Breakfast May Not be Your Most Important Meal of the Day
By Melissa Ford on September 16, 2013
BlogHer Original Post
Apologies to everyone who has been reluctantly scrambling up eggs in the morning because they were told that skipping breakfast could affect their ability to lose or maintain a healthy weight. Turns out that research shows this may not be the case at all. The New York Times reports that findings concluded that, "missing breakfast has either little or no effect on weight gain, or that people who eat breakfast end up consuming more daily calories than those who skip it."
Yay! I'll stop feeling guilty about skipping that most important meal of the day.
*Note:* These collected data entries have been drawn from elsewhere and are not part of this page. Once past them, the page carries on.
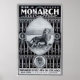 "Ande um Monarca e fique na frente." Bela poster de bicicleta branca e preta - consegue ver as bicicletas? No início só vi o leão! Olhe com cuidado. O fundo diz, CICLO MONARCH MFG CO. CHICAGO. NOVA IORQUE - LONDRES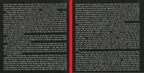 Os pais de Billy eram ricos, e mandavam muito dinheiro, o qual Billy convertia em qualquer coisa que quisesse, inclusive drogas, e ‘Spazmo’ era seu ‘serviçal’, recebendo valium, percodina, codeína e ecstasy, especialmente ‘X’. O lugar era um inferno, e a única maneira de sobreviver lá era ficar fodido todo o tempo. Contei minha história para eles, que me contaram que haviam outras duas crianças que contaram a mesma história que eu. Uma morreu misteriosamente e a outra cometeu suicídio por overdose. Passei dois anos lá em coma de ectasy auto-induzido, e ao menos não sentia dor. Foi então que soubemos que Sadie havia sido encontrada morta, e com isso, Ann Marie me mandou de volta para o orfanato. Agora ela estava no comando. Para comemorar, decidimos fazer uma festa.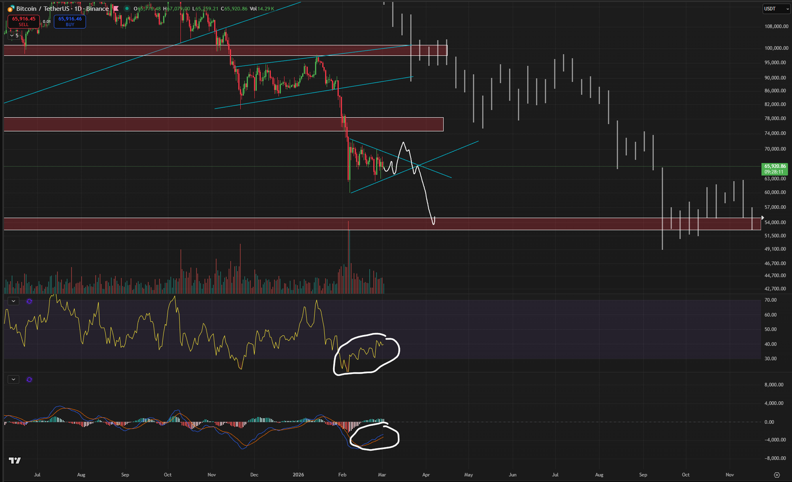 “MACD/RSI completely resetting for another move lower. Still eyeing 52k area,” he told X followers.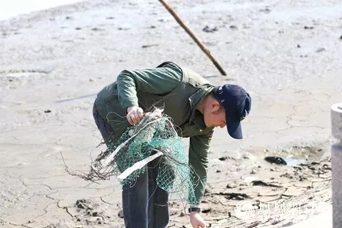 科普活动后,志愿者一行来白沙河的入海口,开展净滩、护鸟、观鸟。数百只反嘴鹬、黑尾鸥在海滩中觅食,还共同救护了一只尾翼受伤的国家2级重点保护鸟类一一比利时国鸟红隼。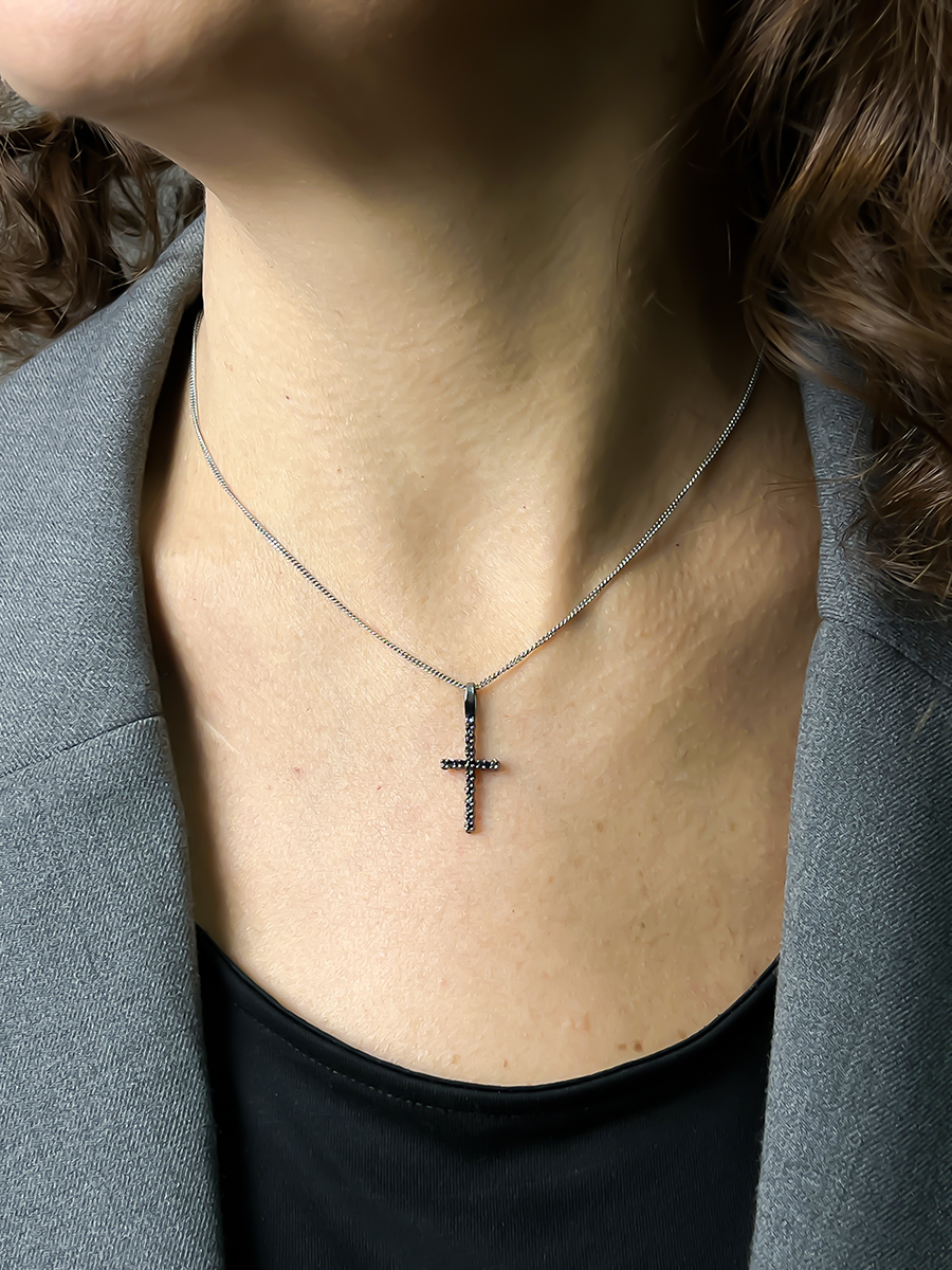 Крест из серебра с бриллиантами чёрными
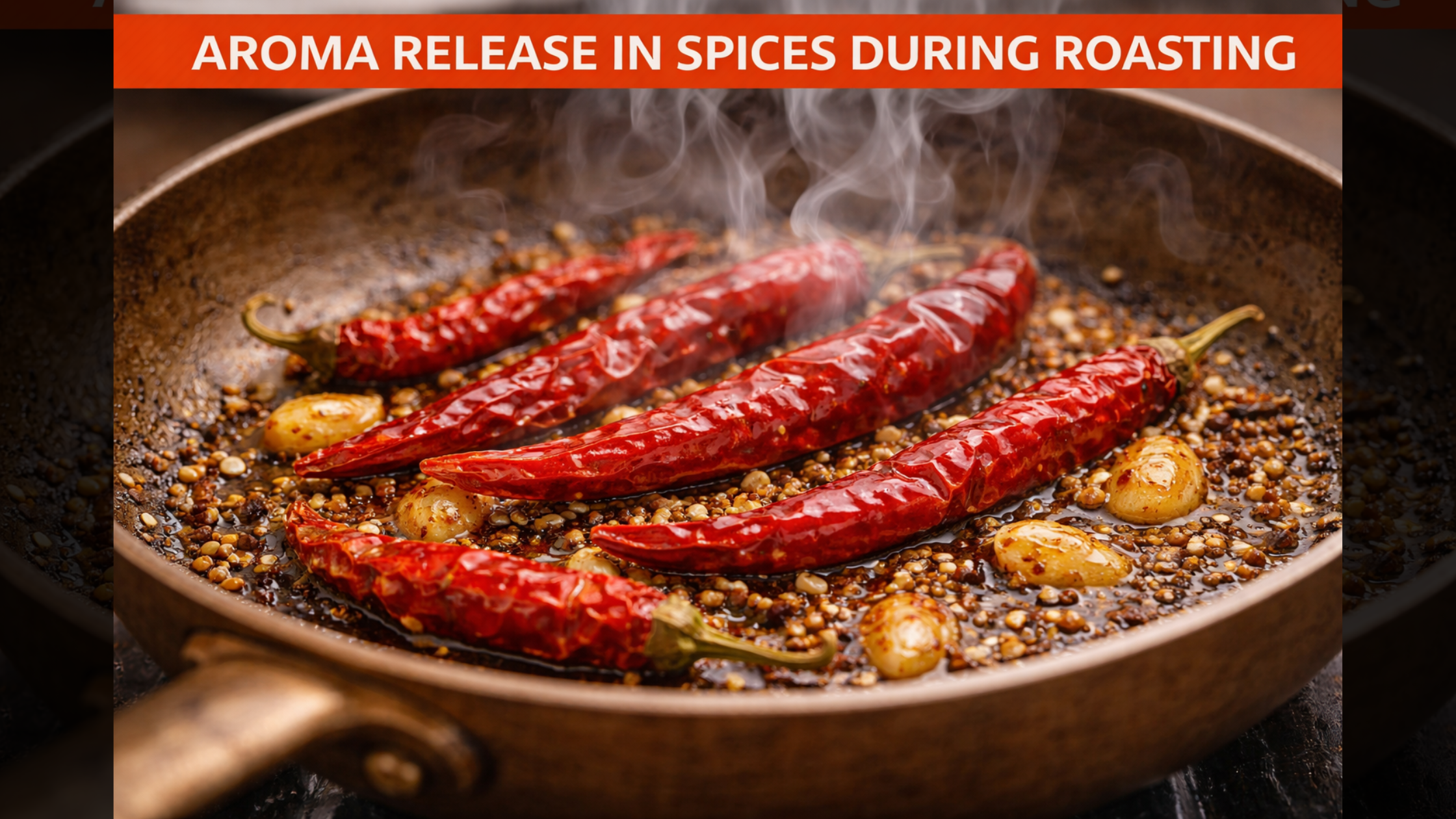 When red chillies meet dry heat, their cellular structure begins breaking down. The natural oils within—primarily capsaicinoids—start volatilizing. This releases aromatic compounds that were locked inside. Simultaneously, sugars present in dried chillies undergo caramelization, adding subtle sweetness that balances heat.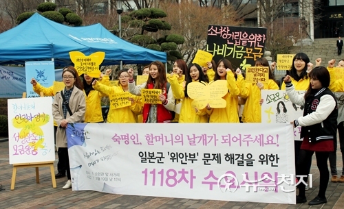 이는 (사)한국정신대문제대책협의회가 서울시 종로구 일본대사관 앞에서 주최한 정기 1118차 수요시위와 동일한 시간에 이뤄졌다.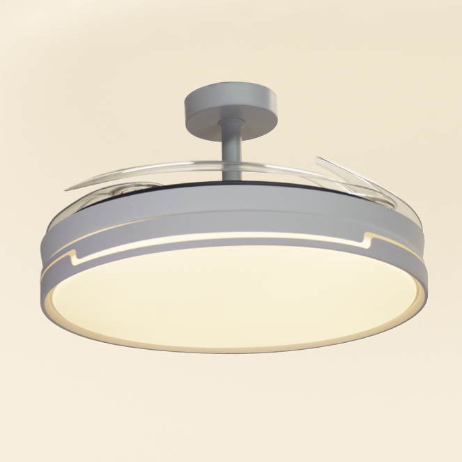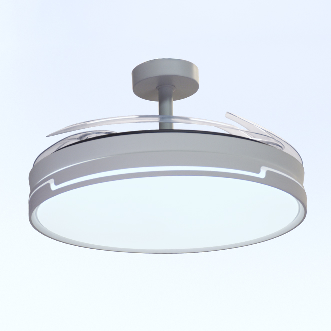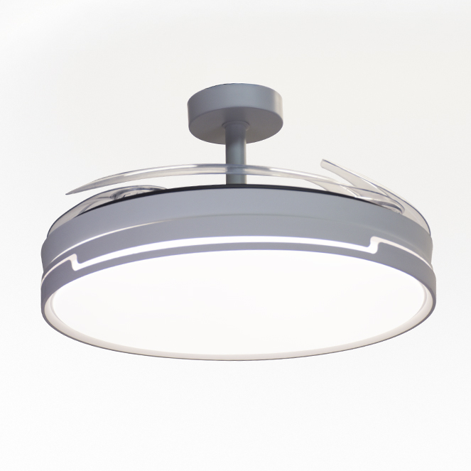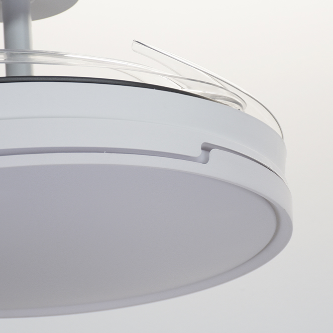 Ventoinha de tecto ROBIN ECO com luz, 4 palas retráteis e motor DC com 6 velocidades.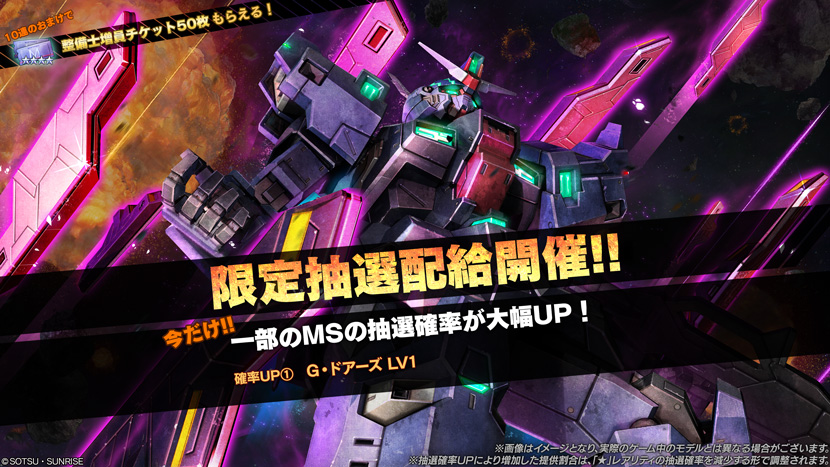 限定抽選配給では、「G・ドアーズ」の抽選確率がアップしております。 - さらに、本限定抽選配給では10連を要請するとおまけで必ず「整備士増員チケット[★★★★]」50枚がもらえます。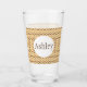 Add modern personality with flair. Customisable centre name text with peach and gold chevron stripe background pattern.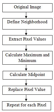 ThekeyfunctionoftheMidpoint Filteris to reduce noise while preserving edges and fine details in the image. By replacing each pixel with the midpoint value of its neighborhood, it effectively smoothens out variations in intensity caused by noise while maintaining the overall structure of the image Work flow of Midpoint Filter is showninFigure6.

I've never liked breakfast, and often feel ill if I eat within the first three hours of waking up. I feel best when I eat closer to what is considered lunch time. I'll have a yogurt around 11 am and then a salad at 1 pm, straddling that noon lunch hour with a meal on either side; one that I count as breakfast and one that I count as lunch.
Back when I was younger, I forced myself to eat upon awakening because I was worried that skipping breakfast would mess up my metabolism, but none of those articles ever addressed those of us who wake up and don't feel hungry until mid-day. Of course it would be problematic if I was withholding food from my body and my body clearly craved it. But what about bodies that politely say "no, thank you" to food for the first few hours? I only started giving my body what it needed a few years ago when I rejected the idea that skipping breakfast would lead to my metabolic downfall.
How do you feel about breakfast, and will these studies refuting the importance of breakfast make you rethink your morning routine?